Eleanor Barbour Cook Museum

1000 Main Street
308-432-6377

About Us:

Chadron State College's first museum was conceived in 1938 by college president Robert Elliott in discussions with celebrated vertebrate paleontologist E.H. Barbour of Lincoln and Barbour's daughter and CSC's first geology professor, Eleanor Barbour Cook. With help from her father and others, Eleanor Cook began endowing the museum collections with donated specimens from around the world. Part of Crites Hall, then under construction, was set aside for the museum. Albert Potter, the first graduate of CSC's geology program, was hired as an assistant.

The early museum was more of a "natural history" museum than one strictly devoted to geoscience. Records indicate that the early collections contained 585 vertebrate fossils, 637 invertebrate fossils, 700 minerals, 284 modern shells and corals, 111 mounted birds and 19 mounted mammals.
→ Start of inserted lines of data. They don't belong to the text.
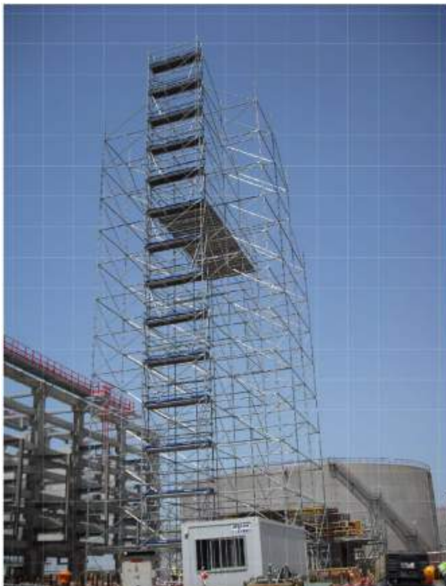
Work: La Rábida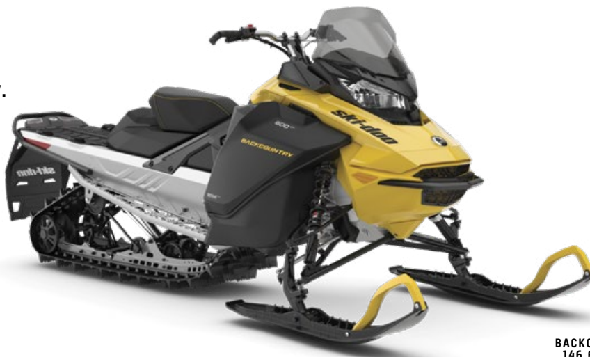
BACKCOUNTRY SPORT 146 600 EFI SHOWN

For the value-oriented 50-50 rider wanting an advanced platform and modern engine technology.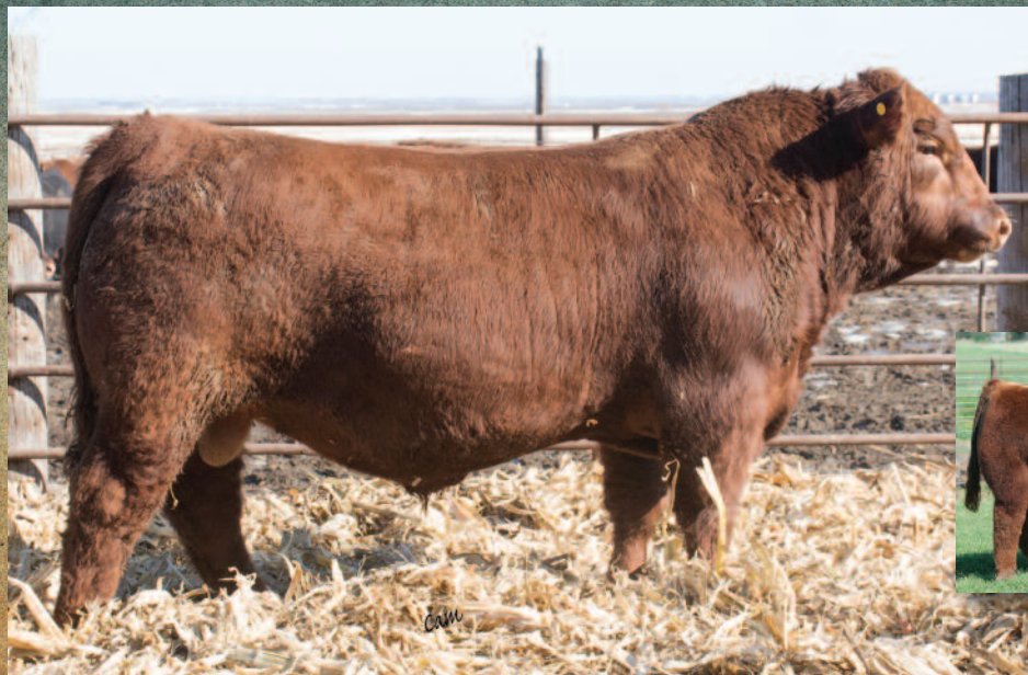
PZC TMAS Firestorm 1800 ET Sire of Lots 15-16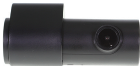
Gator Dash Cam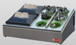
E1-CBD-2V E1 Countertop Dispenser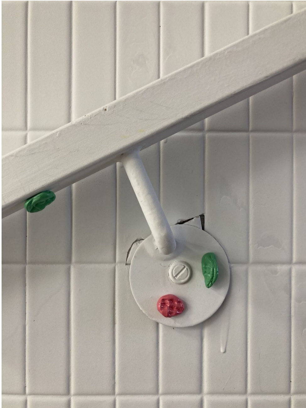
Van Maltese Habit, 2023 Enamel on bronze, magnet 1 x \frac{3}{4} x \frac{1}{2} in (2.5 x 1.9 x 1.3 cm) V.M0214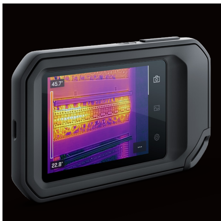
Enhanced thermal image quality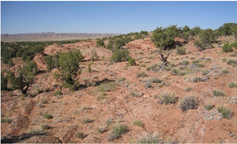
Figure 5. Sandstone Upland, High Precipitation Site

This plant community is made up primarily of warm season grasses with a fair percentage of cool season grasses, shrubs and scattered juniper trees. This community is comprised mostly of grasses (about 70%), followed by shrubs (about 15%), then forbs (about 5%) and trees (about 5%). With continued disturbance the plant community shifts toward a shrub/grass mix and scattered trees with a decline in favorable grasses and shrubs. In this plant community there may be trace amounts (<2% by weight) of non-native annuals present. They do not affect the sites ecological processes in these minor amounts.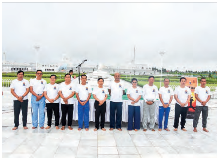
Participants pose for the group photo at yesterday's event in Nay Pyi Taw.

THE collective Yoga session marking the 10 th International Day of Yoga was organized at the Maravijaya Buddha Park compound in Nay Pyi Taw yesterday.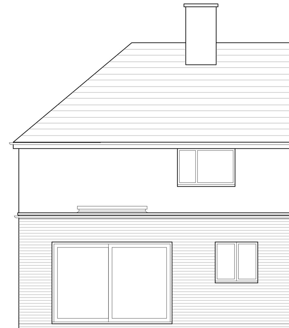
03 REAR ELEVATION AS PROPOSED 1:50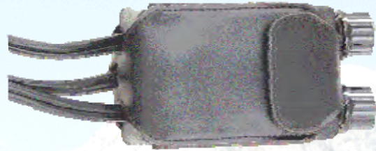
PouchDual—Dual Portable Heat-troller Pouch Convenient belt clip on back of pouch for clipping the Heat-troller to a belt or tank bag.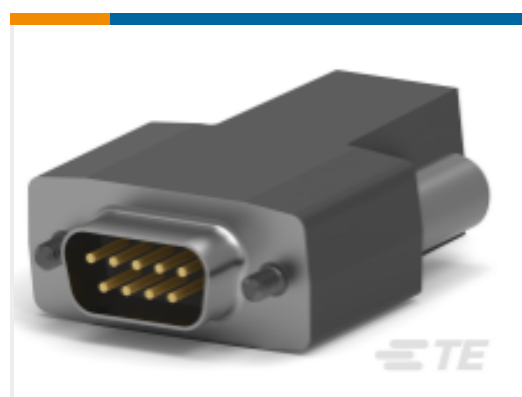
TE Part # 1-747944-6 KIT, PLUG, 9P, HDE, SHLD ENCL SRE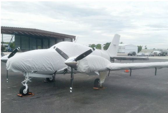
Full Cover Set (58P-020, 58P-225, 58P-405)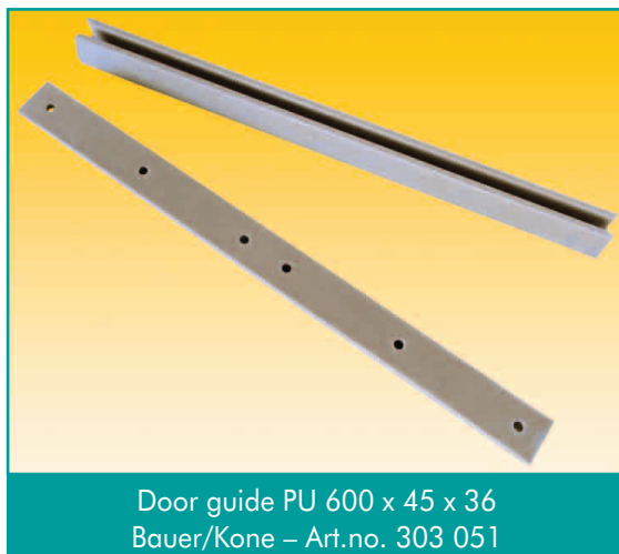
Door guide PU 600 x 45 x 36 Bauer/Kone – Art.no. 303 051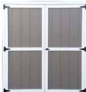
Double Solid 48".....$589 60".....$626 72".....$629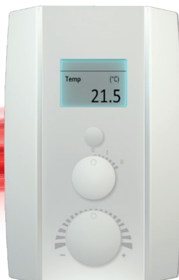
NOVOS 5 x Design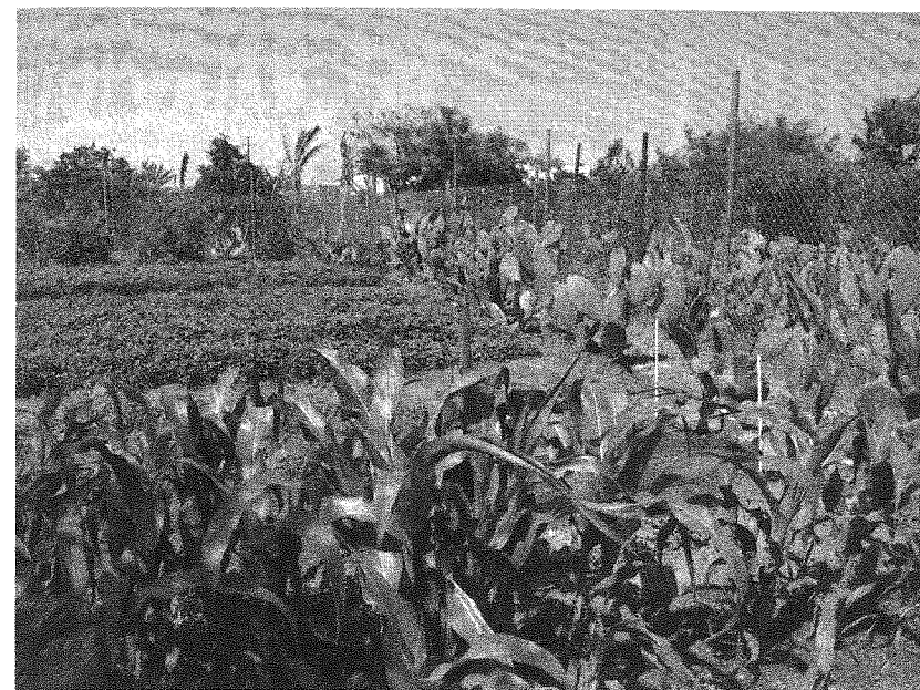
Figure 9.3 Garden plot at South Central showing plants and features similar to the classic Maya garden in figure 9.2

Some 360 families from the urban farm were finally evicted in June 2006. This was the second time that many of the South Central Farmers experienced this sort of violent displacement from the land. However, and this is the point of the “resilience” of Mesoamerican diaspora communities, instead of “disappearing” after eviction, the families maintained a weekly vigil and monthly tianguis (farmers market) on a site across from the old garden. More still, the SCF has developed into a new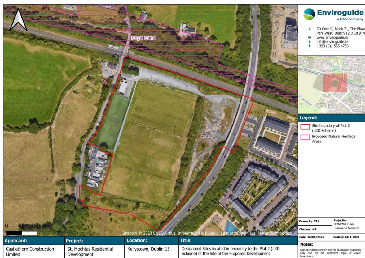
Figure 3-2 St Mochtas Site Plot 2 Site Location

The Site location for Plot 2 is shown in Figure 3-2.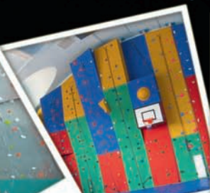
Trinity at Bowes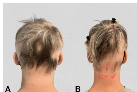
Fig 2. A 27-year-old man with moderate-to-severe alopecia areata (A) before (SALT 34%) and (B) 2 weeks after (SALT 59%) receiving the BioNTech/Pfizer BNT162b2 COVID-19 vaccine (second dose). SALT, Severity of Alopecia Tool.

50 at 3 weeks after testing positive, with subsequent shedding that lasted up to 16 weeks. This patient did not report significant weight loss, change in diet or nutritional deficiency, severe acute or chronic illness, infection, emotional stress, or trauma. Additionally,

Mrs. Cook and Potter donated parts of their own collections to the museum and also enlisted help of their colleagues, including Barbour, Mrs. Cook's father-in-law Harold Cook and her sons-in-law Grayson Meade and Paul McGrew, Edwin Crites, Charles H. Morrill, E.F. Schramm, Edith Harris, F.D. Figgins, Gordon Fletcher and others. Major donor institutions included the University of Nebraska Museum and Geology Department, Chicago's Field Museum, the University of Michigan, Colorado Natural History Museum, the American Museum of Natural History, and the University of Massachusetts at Amherst.